→ **Work item**: Please output exactly the lines below, starting at the line that has "पाली : जैन समाज" and ending at the line that has "Создано на основе", both included; leave out all pictures and include nothing else.

======== Exercise materials

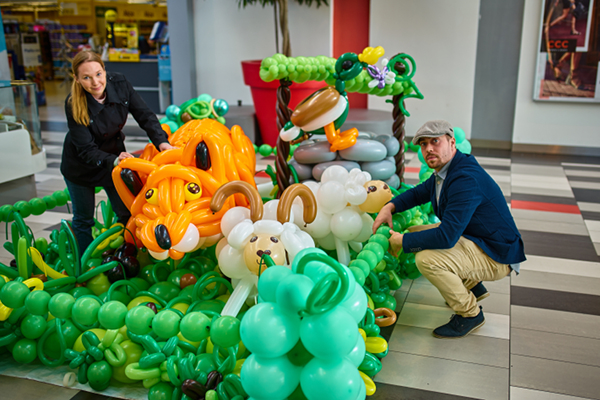 Před dobou koronaviru jsme chtěli najít uplatnění s novou generací balónkových výstav v obchodních centrech a to se nám i podařilo. Obrovská Valentýnská výzdoba v Galerii Butovice byl velký hit, přišla se s ní vyfotit i naše první česká barbie Gabriel Jiráčková, ozdobená svoji kabelkou podle nejnovější módy - latexová, ze třpytivých balonků.
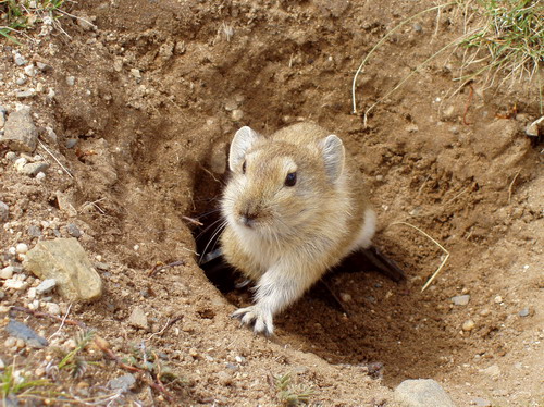高原鼠兔(Ochotona curzoniae)长着一对小巧的耳朵,身体是圆球形的、没有尾巴,性如鼠,形似兔,故名“鼠兔”, 生活在青藏高原的草地上。它最喜欢栖居在气候比较温暖湿润,阳光充足的宽谷、滩地和坡麓地带的草甸草原中。高原鼠兔一年繁殖一次到两次,在气候较暖的地区当年生的幼鼠就能参与繁殖,每胎3-8只。它们常年昼夜活动,不冬眠。在寒冬腊月,地面温度降低到-20摄氏度时,仍能照常出洞觅食。每当夏季来临,高原鼠兔活动更为频繁,有时能跑到数百米外的地方去觅食。
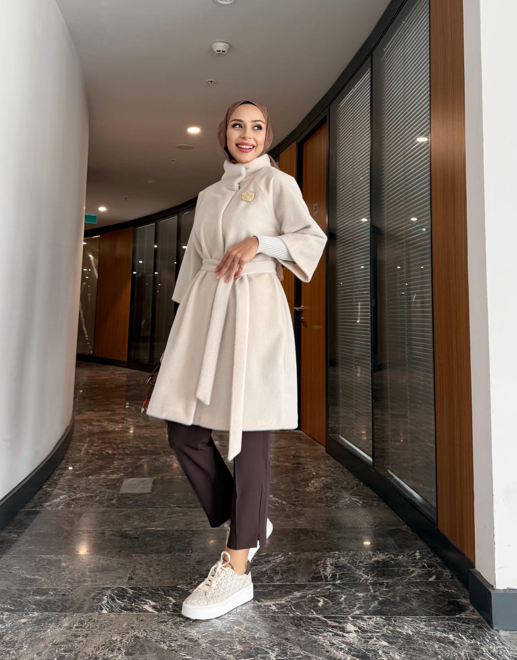 DÜĞMELİ KOL DETAY KABAN BEJ
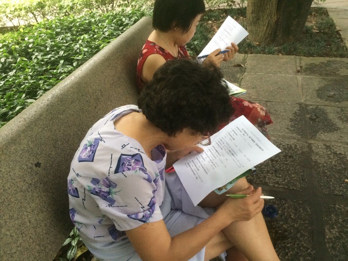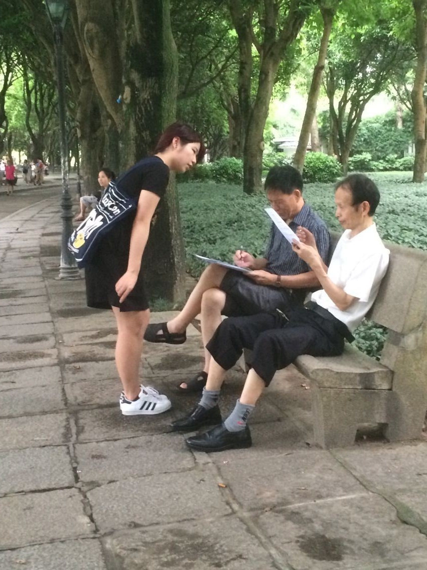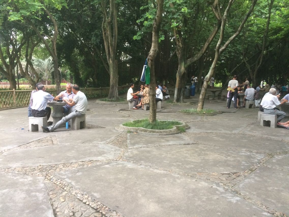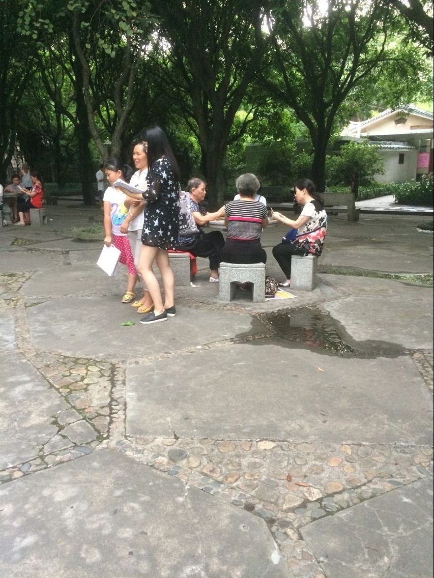 傍晚五时,Young老实践队的五名队员准时在南门公交车站集合,准备前往中山公园。由于巧好碰上下班的高峰期,路上堵车不断,我们大概于五点三十分到达中山公园。而此时中山公园里也是人流满满,我们不禁欣喜,想必定能收获很多一手资料。我们经过讨论,决定分开行动,这样可以遍布的范围更广,也能更好地提高效率。这个时间段,许多中老年人在饭后到公园乘凉或者散步,更多的则是已经约好了伙伴开始了打牌、下棋等丰富多彩的活动。
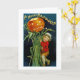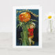 Vintage Halloween ilustra um cartão de saudação mostrando uma criança vitoriana escalando um palheiro com um Jack-o-Lanterna no topo. Personalize a saudação ou deixe o vazio.
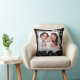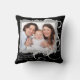 Swirly Custom Photo Mother's Day Pillow. Swirly grey frame with black background. Black and white elegant border design. Features a custom photo to the front and back, great as a gift or for sharing family snapshots!
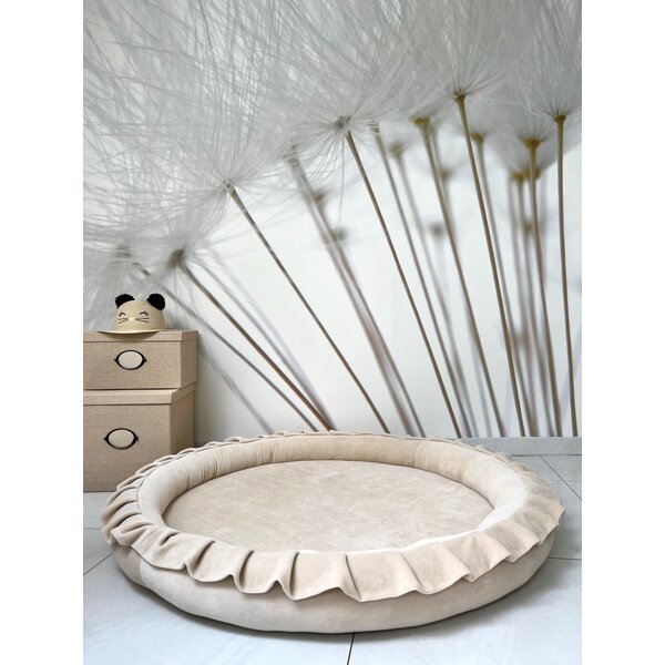 Round play mat, covered in a soft velour cotton cover, finished with elegant ruffles.
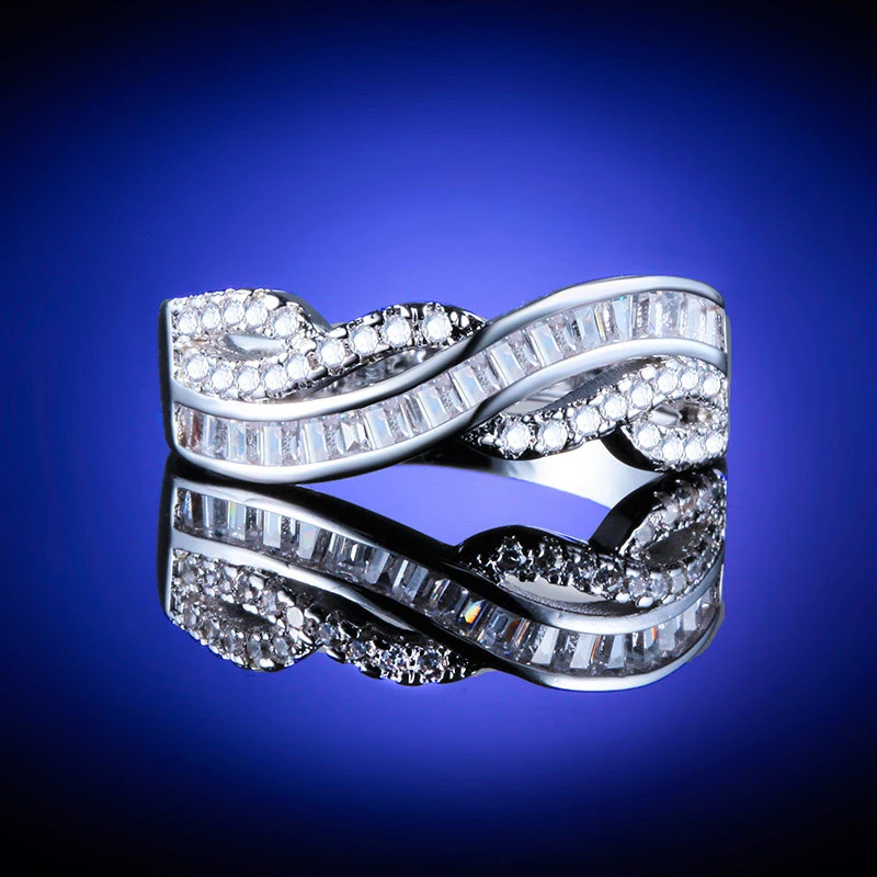 Bague classique à quatre griffes imitation zircon micro-incrustée pour femme, bague de fiançailles à bras torsadé bicolore à double rangée
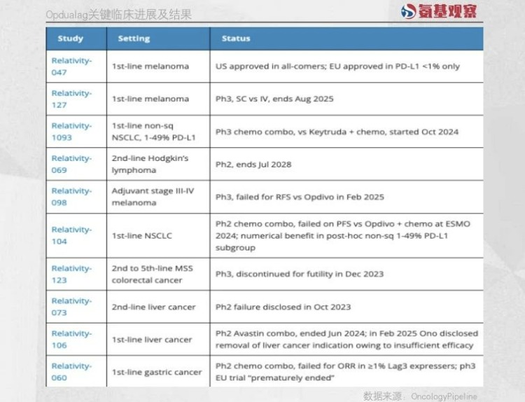 至今为止,Opdualag在一线胃癌、一线肝癌、二线肝癌、2至5线MSS结直肠癌、辅助III-IV 期黑色素瘤的关键临床中,相继失利。
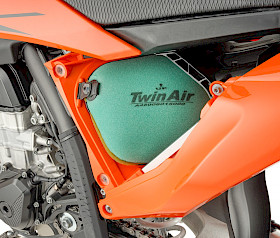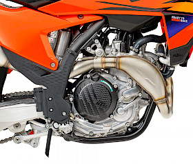 Die KTM 450 SMR 2026 verfügt über eine neue isolierende Kappe für den CPC-Kraftstoffanschluss. Das sorgt nicht nur für mehr Schutz vor Stößen und Fremdkörpern, sondern auch für eine zusätzliche Barriere gegen Schmutz oder andere Einflüsse, welche die Motorleistung oder den Kraftstofffluss aus dem 7,2-Liter-Tank beeinträchtigen könnten. Der Kraftstofffilter im Schlauch bleibt zuverlässig an seinem Platz und ist leicht zugänglich.
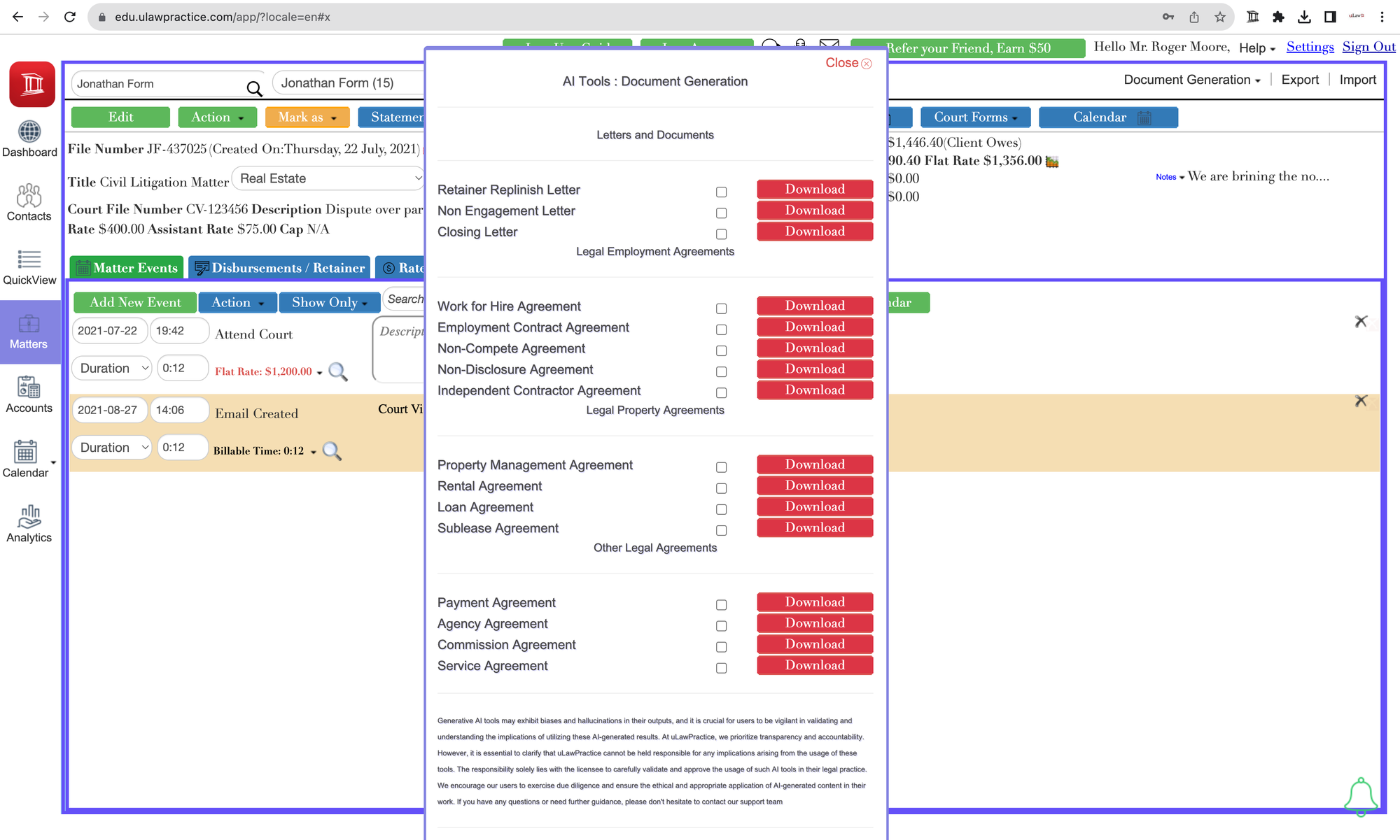 Document generation in legal practice has long been a laborious and time-consuming process. Lawyers, especially solo practitioners, often find themselves grappling with drafting various legal agreements, letters, and forms. Here is where uLaw's AI and ML capabilities step in to revolutionize the entire paradigm.
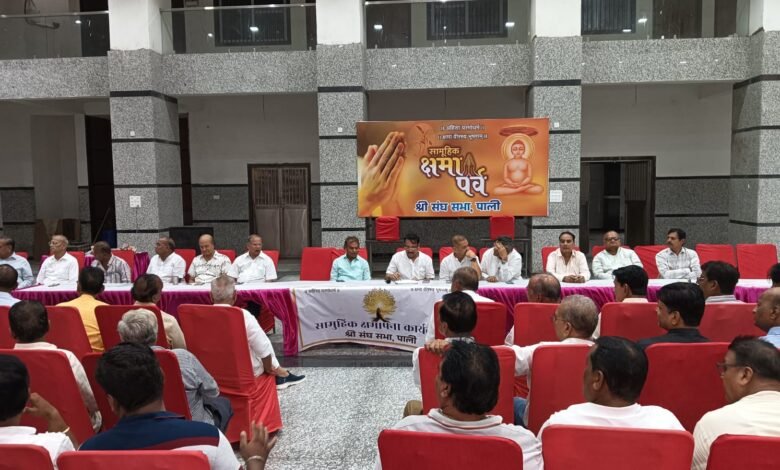 पाली : जैन समाज की सर्वोच्च संस्था श्री संघ सभा के तत्वावधान में शुक्रवार को बागर मोहल्ला स्थित श्री संघ सभा भवन में एक विशेष आयोजन हुआ, जिसमें सकल जैन संघ द्वारा सामूहिक क्षमायाचना की गई। इस अवसर पर समाज के सभी सम्प्रदाय घटक और संस्थाओं के पदाधिकारियों ने एक-दूसरे से “मिच्छामि दुक्कड़म्” कहते हुए क्षमा याचना की और मैत्री, सौहार्द एवं एकता का संदेश दिया।
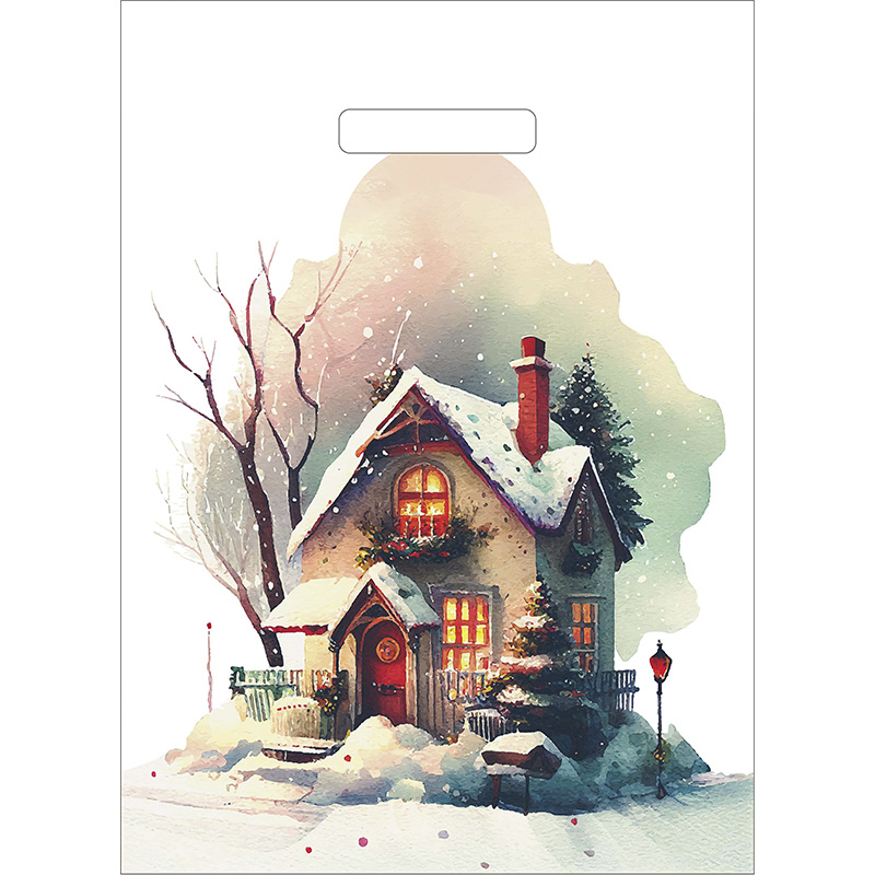Пакет полиэтиленовый с вырубной ручкой «Рождественский домик»
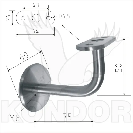 Nerezový držák pro ploché madlo s připevněním na stěnu. Příruba o průměru 60 mm. Materiál AISI 304 v povrchové úpravě brus K320.
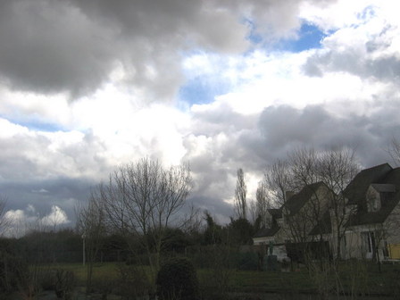 Mais le ciel changeant, avec ses mille filaments de gris perle et d'ardoise, ses riantes boules blanches, ses mauves très pâles ou très sombres que côtoient d'innocentes trainées de bleu, me plaît infiniment.
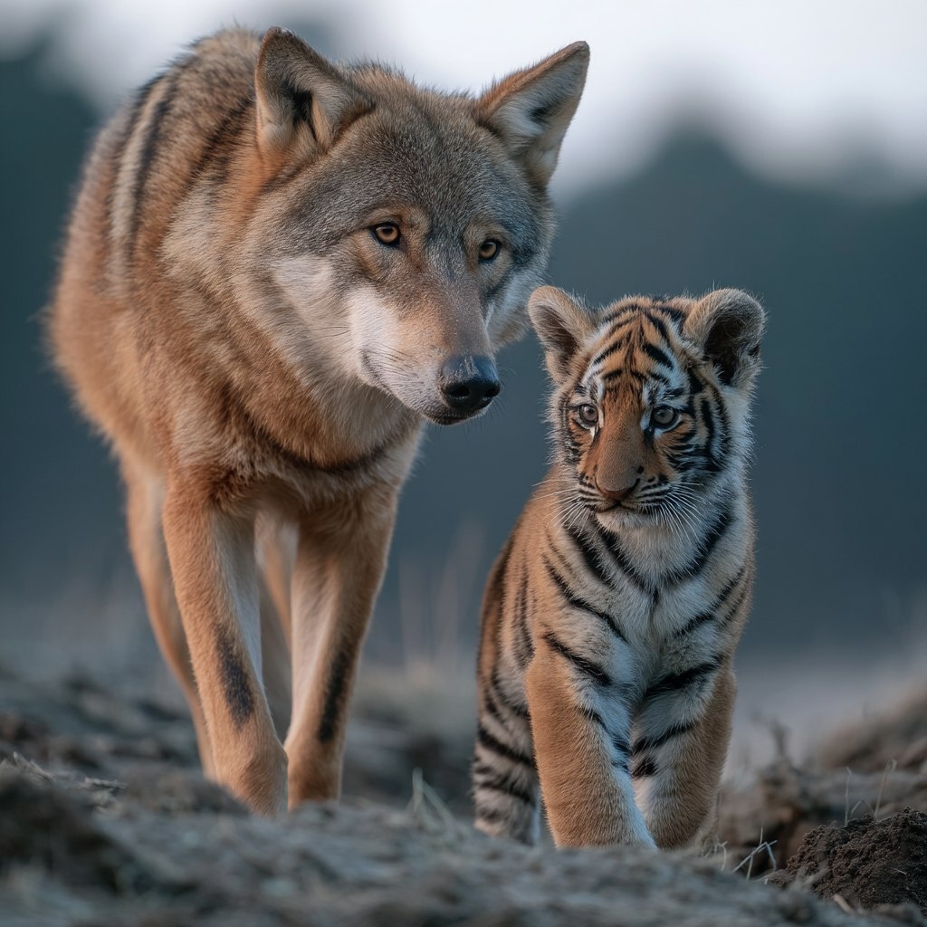 Создано на основе запроса: A red wolf and a tiger cub journey through the nibiru
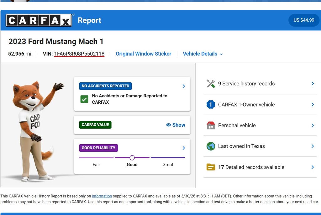 Prepare to be captivated by the sheer power and precision of the 2023 Ford Mustang Mach 1. This exceptional 1-owner vehicle boasts a meticulously clean CARFAX history, ensuring you can drive with confidence. Equipped with a thrilling 5.0L V8 Ti-VCT engine and a 10-Speed Automatic transmission, this Mustang Mach 1 delivers an unparalleled driving experience that will leave you craving the open road.

================

→ **Response to the exercise**:
 पाली : जैन समाज की सर्वोच्च संस्था श्री संघ सभा के तत्वावधान में शुक्रवार को बागर मोहल्ला स्थित श्री संघ सभा भवन में एक विशेष आयोजन हुआ, जिसमें सकल जैन संघ द्वारा सामूहिक क्षमायाचना की गई। इस अवसर पर समाज के सभी सम्प्रदाय घटक और संस्थाओं के पदाधिकारियों ने एक-दूसरे से “मिच्छामि दुक्कड़म्” कहते हुए क्षमा याचना की और मैत्री, सौहार्द एवं एकता का संदेश दिया।
Пакет полиэтиленовый с вырубной ручкой «Рождественский домик»
 Nerezový držák pro ploché madlo s připevněním na stěnu. Příruba o průměru 60 mm. Materiál AISI 304 v povrchové úpravě brus K320.
 Mais le ciel changeant, avec ses mille filaments de gris perle et d'ardoise, ses riantes boules blanches, ses mauves très pâles ou très sombres que côtoient d'innocentes trainées de bleu, me plaît infiniment.
 Создано на основе запроса: A red wolf and a tiger cub journey through the nibiru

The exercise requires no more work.